Transitions with Animation Store Creator
You can also employ special transition effects called Animation Stores. A useful utility the Animation Store Creator is included in your Live production system.
These powerful effects normally include an embedded full color animated overlay, along with sounds for transitioning in and out (sounds are optional).
The audio level for Effects is controlled in the Audio Mixer tab below the Switcher.
Animation Store transitions are loaded into the Transition Palette in the same way as simpler transitions, using the Browse feature.
Some Animation Store transitions contain custom animation content you have to access to can only be modified with third party software.
To open the Animation Store Creator
From the Start-up screen, select Add-Ons > Animation Store Creator.

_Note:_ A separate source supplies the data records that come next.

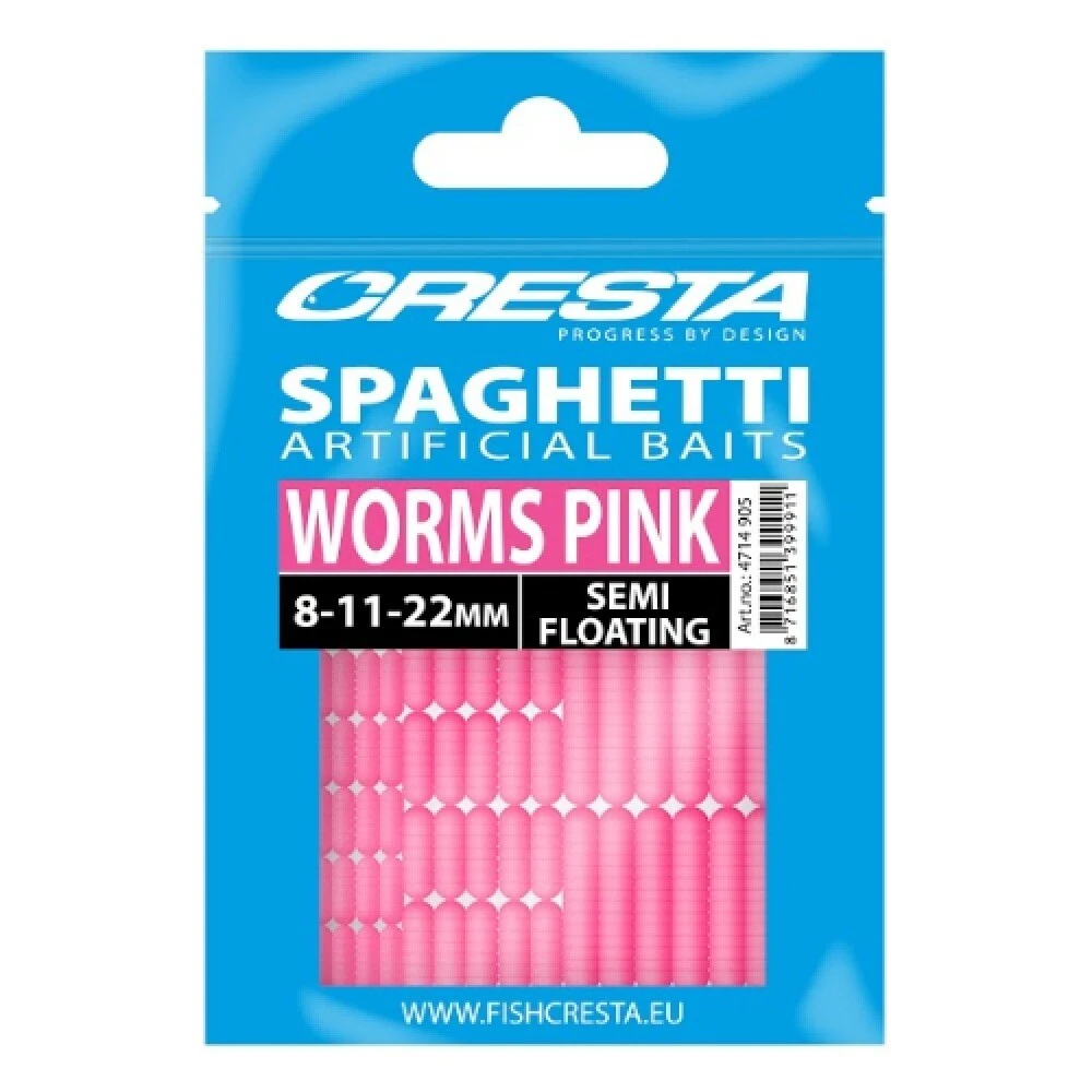 Cresta Spaghetti is een drijvend kunstaas van hoge kwaliteit. Wanneer het op de haak geplaatst wordt, ontstaat een zwevende of zeer langzaam zinkende aaspresentatie. Samen met de opvallende kleuren wordt dit aas enorm attractief voor vele vissoorten. Spaghetti kan direct op de haak gebruikt worden in één of meerdere kleuren tegelijk, maar geeft ook in combinatie met levend aas, zoals maden en wormen, extra vangkracht! Dankzij de 3 verschillende formaten in de verpakking kan Spaghetti gecombineerd worden met vele haaksoorten en aasmaten.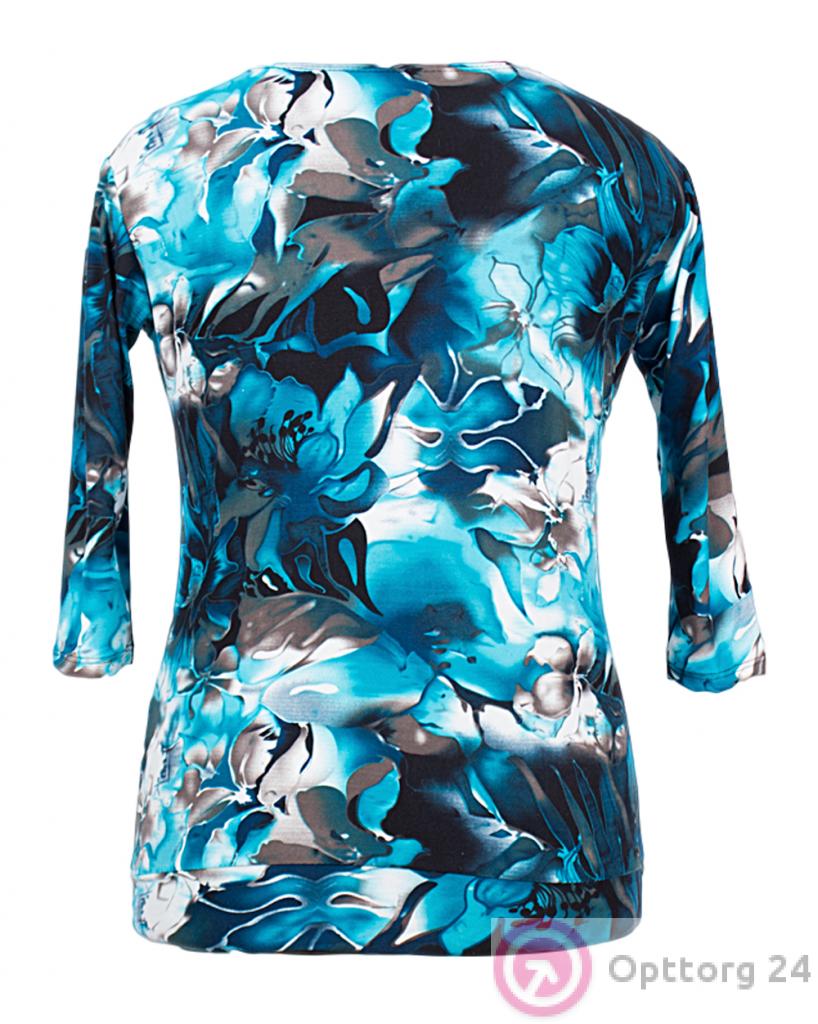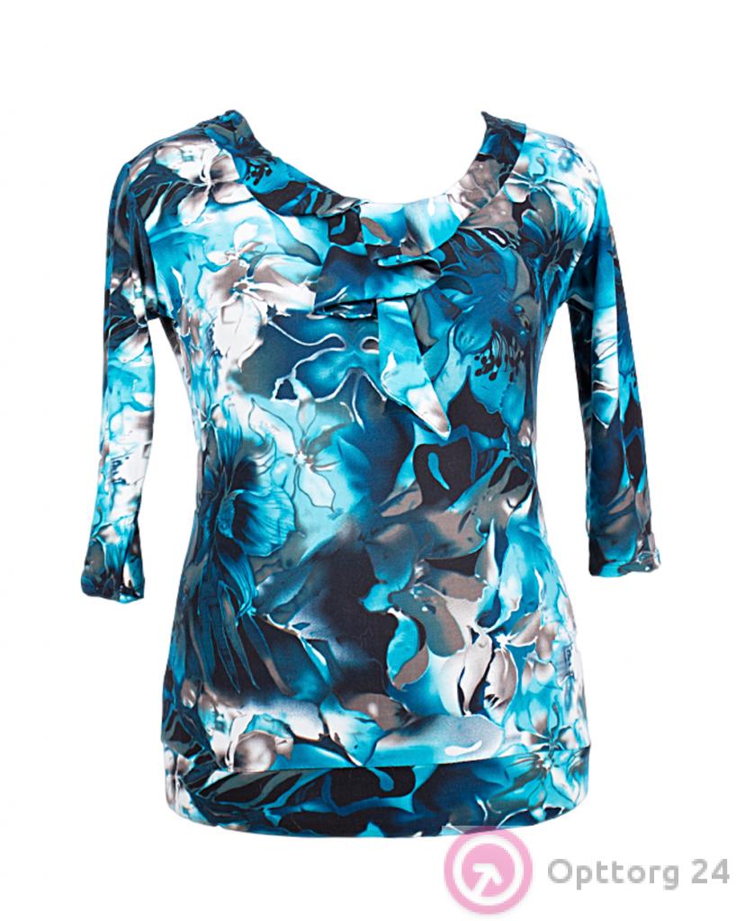 Блузка женская с цветочным принтом голубого оттенка оптом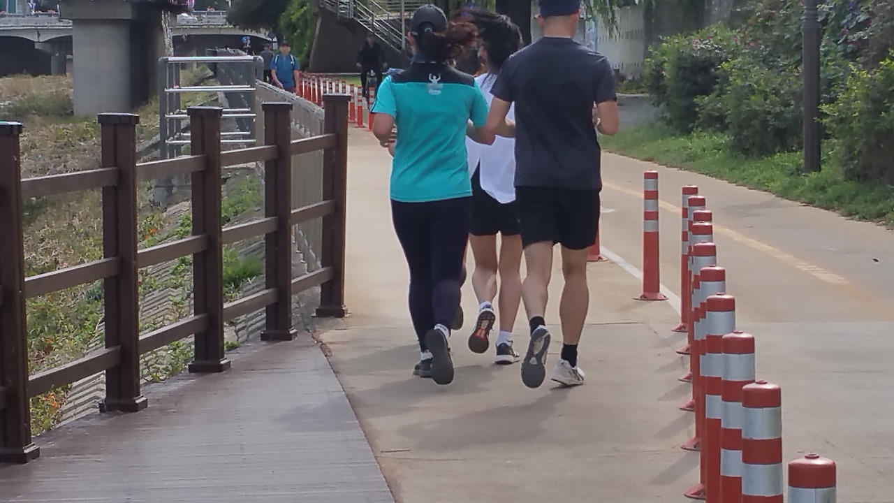 십 키로 남짓 걸은 다리
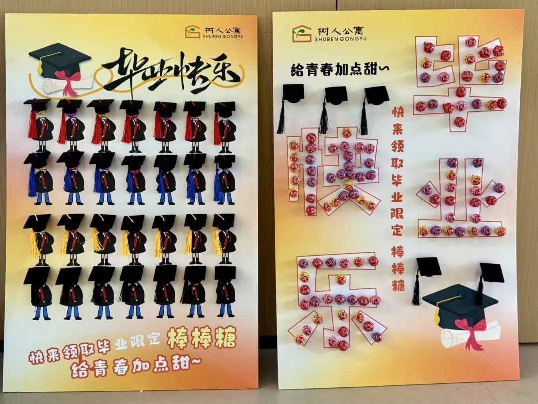 浙江樹人學(xué)院給2025屆畢業(yè)生準(zhǔn)備了畢業(yè)限定棒棒糖,棒棒糖加畢業(yè)帽的形狀,搭配可粘貼手寫祝福標(biāo)簽,給畢業(yè)生們留下了甜蜜的回憶。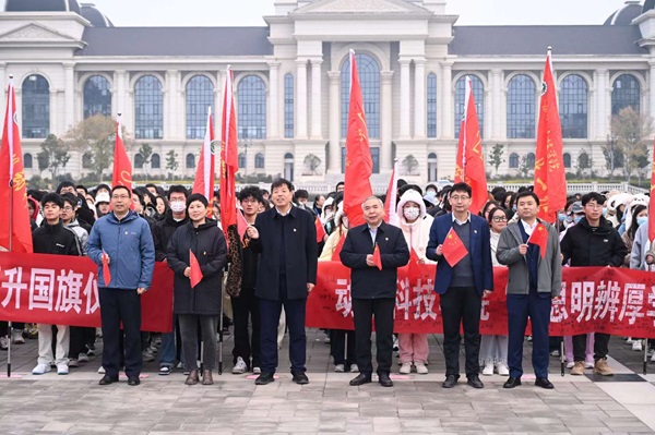 本网讯(通讯员 梁涵晴 )为进一步加强爱国主义教育,凝聚奋进力量,11月13日清晨,黄网于龙子湖校区举行以“好学力行求真知,强国筑梦我担当”为主题的升旗仪式,黄网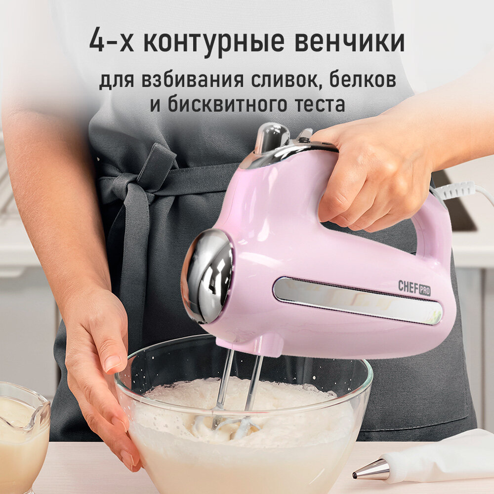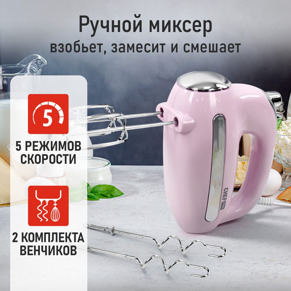 Миксер ручной CHEF PRO CF-MX1307A розовый опал информация:
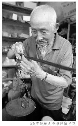 “大爺,幫我稱點(diǎn)白糖……”一名顧客喊道。只見老人從一大袋白糖中用勺子舀了一小袋,放在柜臺上的秤盤上,輕推秤砣。“一斤二兩!”老人喊道,“二元五一斤,一斤二兩三元!”這,恐怕只是96歲的楊大爺日常生活中的一個(gè)普通瞬間吧,記者尋思!按鬆,幫我拿包藍(lán)嬌嘛……”為了進(jìn)一步驗(yàn)證人們的說法,記者說道。“12元!”楊大爺從十幾個(gè)品牌的香煙中,準(zhǔn)確地拿了一包藍(lán)嬌放在柜臺上。“找你88元!”見記者拿了一張百元紙幣,楊大爺隨即回話。楊大爺把百元大鈔放到陽光下,細(xì)細(xì)查看水印,并不斷用手摸著紙幣的防偽標(biāo)志。確認(rèn)為真幣后,楊大爺迅速地給記者找了零錢。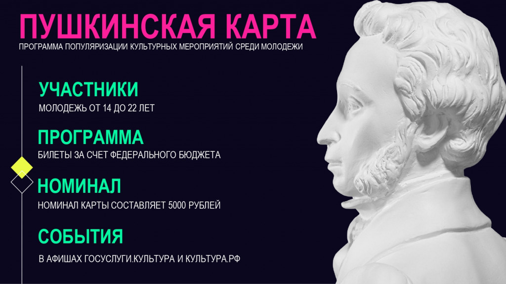 Пушкинская карта. Программа популяризации культурных мероприятий среди молодежиКультура.РФ. Портал культурного наследия, традиций народов России
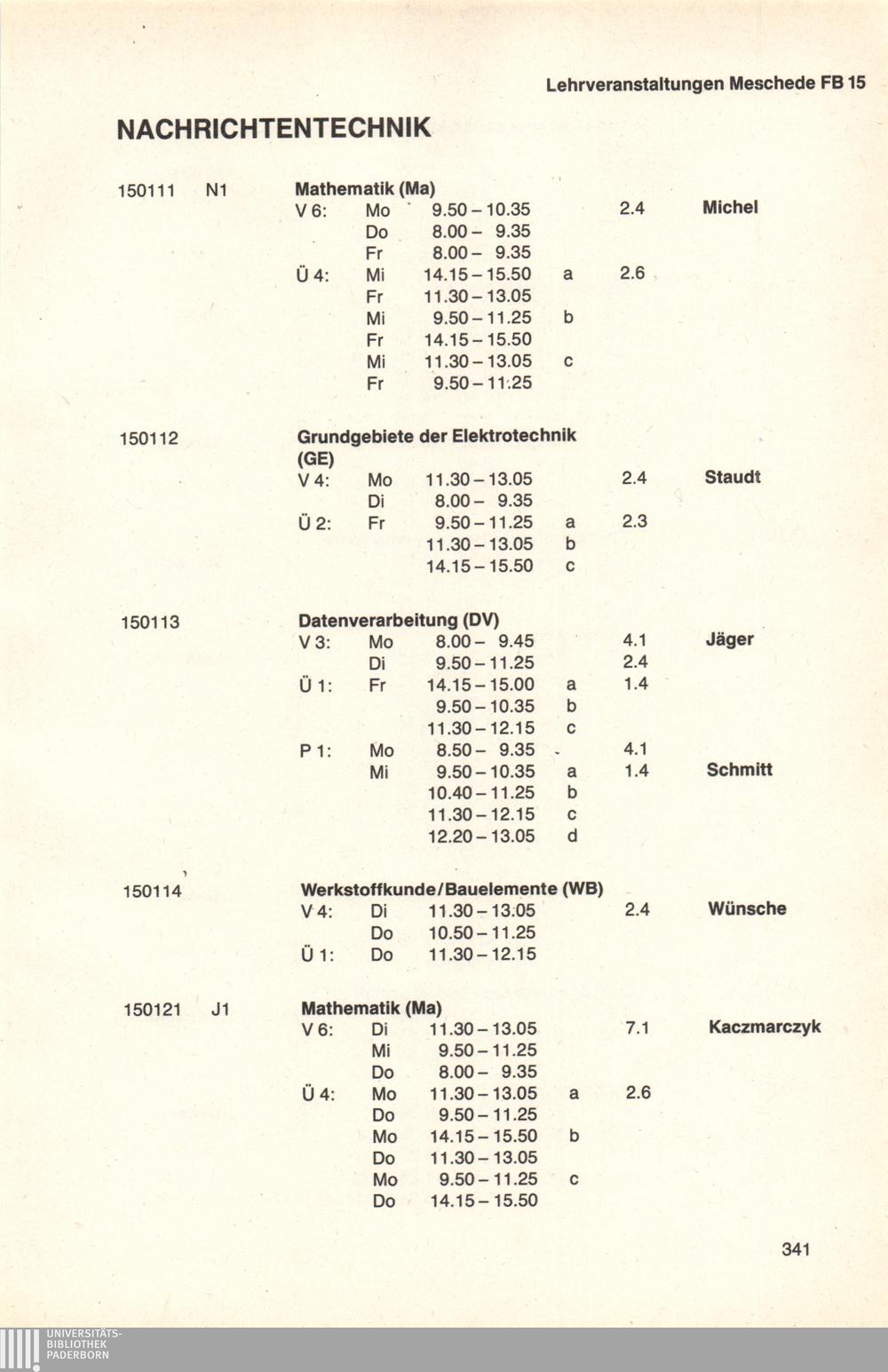 Personal- und Vorlesungsverzeichnis für die Universität Paderborn

Note: The Animation Store Creator utility is described in its own manual, available at the Launch menu (Help > Add-Ons > Animation Store Creator) or at the Vizrt Documentation Center.
The COMP button, immediately above the T-Bar opens the Comp Bin, which provides powerful layer and effect control features.
Refer to section Comp Bin.
Comps are not MEMs
Note: It is important to distinguish Comps and Switcher MEMs.
The main difference is that MEMs retain (and apply) all settings in the Switcher, including source selection.
Moving the cursor to the left edge of the screen next to the Switcher or an M/E reveals a MEM bin with similar features.